The City of Madrid reclaimed the banks of the Manzanares River by depressing a large segment of the inner ring road, the M-30, built in the 1970s and severing whole sections of the city from each other. The result of surfacing nearly 30 kilometers of tunnels is the creation of 120 hectares of new public space, which encompasses dozens of sports areas (tennis and basketball courts, soccer fields, fitness areas, rock climbing center, skate park), greenswards, plazas, cafes and restaurants, an orchard, an urban beach, children’s play areas, plus 30 kilometers of cycling paths, and 11 new footbridges. The project also prompted the restoration of five historic dams and two historic bridges (the Puente de Segovia and Puente de Toledo), as well as the refurbishment of highway bridges and the recuperation of the areas surrounding these infrastructural works. With these new river crossings and the incorporation of existing historic features into the new park plan, Madrid Río has strengthened surrounding neighborhoods’ connection to the new amenities and to each other.

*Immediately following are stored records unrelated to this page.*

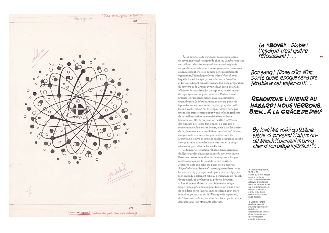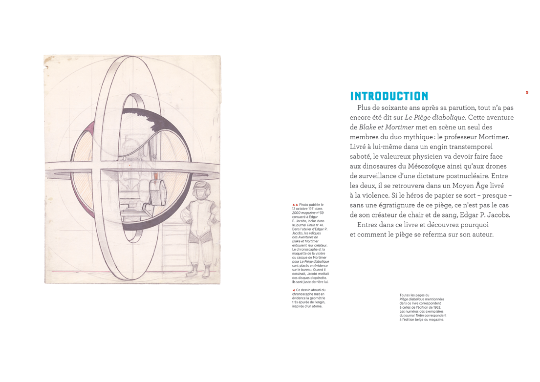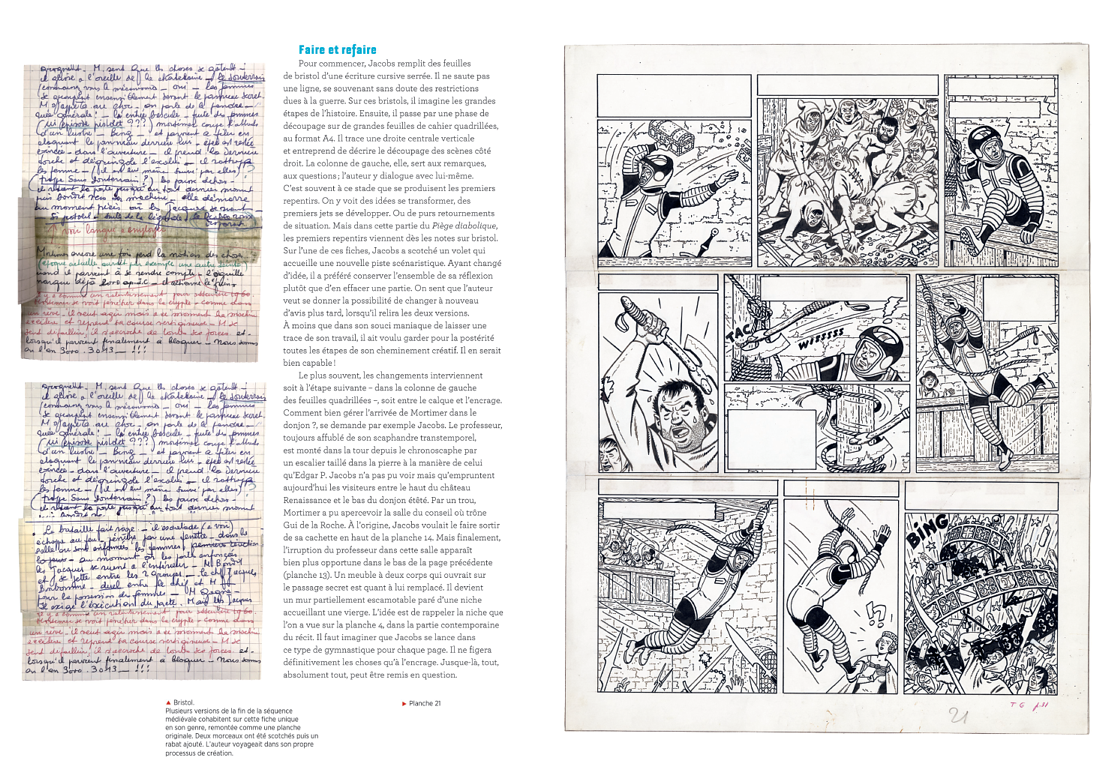 Grâce aux précieuses archives laissées à la Fondation Jacobs par l'auteur de Blake et Mortimer de son vivant, plongez dans les coulisses de la création du Piège diabolique. Entrez dans l'atelier du Bois des Pauvres et placez-vous juste au-dessus de l'épaule du maître pour découvrir les secrets de fabrication d'un inventeur de mondes obsédé par la perfection, piégé par sa propre création.
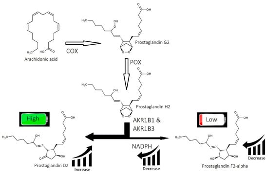 Prostaglandin biosynthesis is dependent upon aldo-keto reductase isotypes (AKR1B1, AKR1B3, or AKR1C3) as synthases. Aldo-keto reductase isotypes catalyze the conversion of PGH2 to PGF2-α in the presence of the reducing agent nicotinamide adenine dinucleotide phosphate (Figure 7) (NADPH) [89,90]. In the absence of NADPH, PGD2 is produced instead by using the same synthases [89].
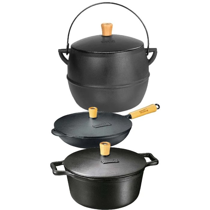 Jogo Caldeirão Bojudo 6, Caçarola 6,5 E Frigideira De Ferro _ Panela Mineira

The project won an international competition in 2005, and construction was phased so that the public could enjoy it starting in 2011; the park was fully completed earlier this year. “The decision to award Madrid Río the Green Prize in Urban Design was motivated by the jury’s desire to highlight the potential for thoughtfully planned and carefully executed mobility infrastructures to transform a city and its region,” commented jury chair Rahul Mehrotra, Professor of Urban Design and Planning at Harvard GSD. “The extent to which the project harnesses the deployment of new infrastructures as an opportunity to repair and regenerate the city through carefully articulated design interventions is particularly valuable within the context of contemporary urbanization globally.”

Mehrotra has directed the prize since 2011. Other 2015 jury members included Silvia Benedito, Assistant Professor of Landscape Architecture, Harvard GSD; Jerold Kayden, Frank Backus Williams Professor of Urban Planning and Design, Harvard GSD; Toshiko Mori, Robert P. Hubbard Professor in the Practice of Architecture, Harvard GSD; and Mirko Zardini, Director of the Canadian Center for Architecture. The Veronica Rudge Green Prize is unique among international urban design award programs in that its jury members travel to experience finalist projects firsthand.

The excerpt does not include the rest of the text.